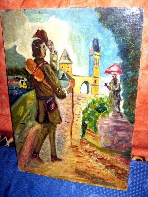 237-Tablou vechi naiv-Cavaler cu vioara salutand doamna la intrare in cetate. Ulei pe placaj, inaltime 37 cm, latime 30 cm, in stare generala buna, in patina timpului.
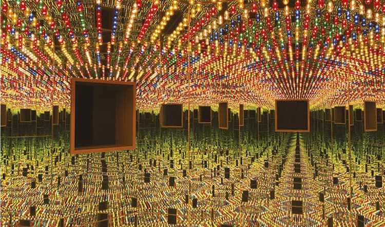 Installation view of Infinity Mirrored Room—Love Forever (1966/1994) at the Hirshhorn Museum and Sculpture Garden, 2017. Yayoi Kusama. Wood, mirrors, metal, lightbulbs. Collection of Ota Fine Arts, Tokyo/Singapore. © Yayoi Kusama. Photo by Cathy Carver
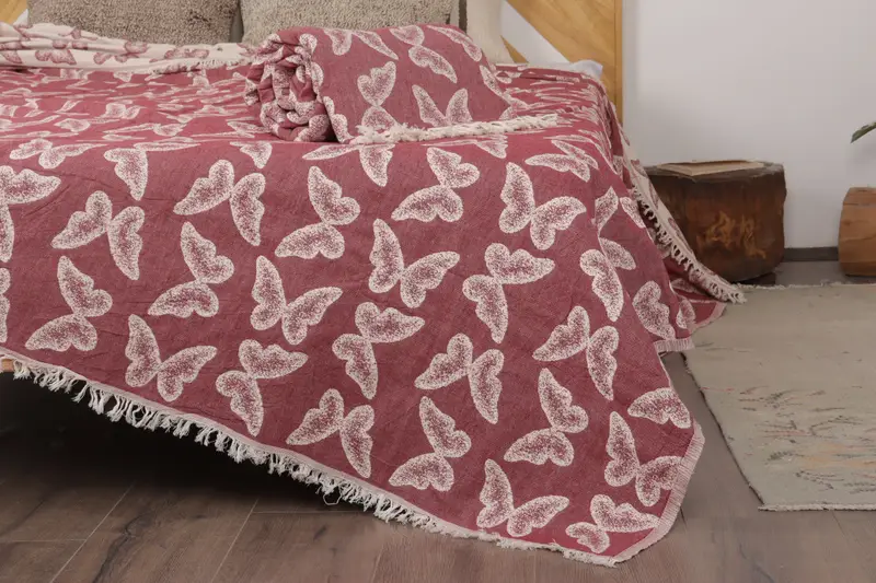 Manta de picnic color burdeos con estampado animal y mariposas, 79 x 95 pulgadas
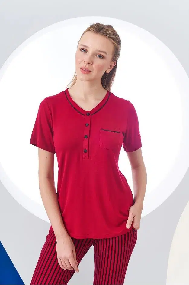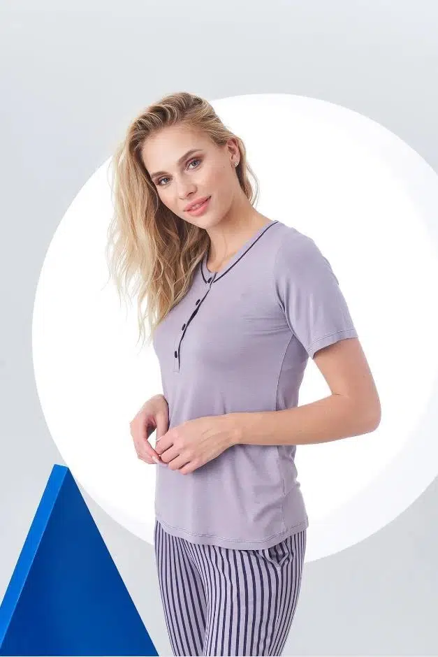 Pjs 24157 Kadın Çizgili Patlı Kısa Kol Pijama Takım

= = = =

▶ **To do**
Working from the line containing "Installation view of" to the last line of the data, retype every line exactly, both ends included, and leave out all pictures.

▶ **Task result**
 Installation view of Infinity Mirrored Room—Love Forever (1966/1994) at the Hirshhorn Museum and Sculpture Garden, 2017. Yayoi Kusama. Wood, mirrors, metal, lightbulbs. Collection of Ota Fine Arts, Tokyo/Singapore. © Yayoi Kusama. Photo by Cathy Carver
 Manta de picnic color burdeos con estampado animal y mariposas, 79 x 95 pulgadas
 Pjs 24157 Kadın Çizgili Patlı Kısa Kol Pijama Takım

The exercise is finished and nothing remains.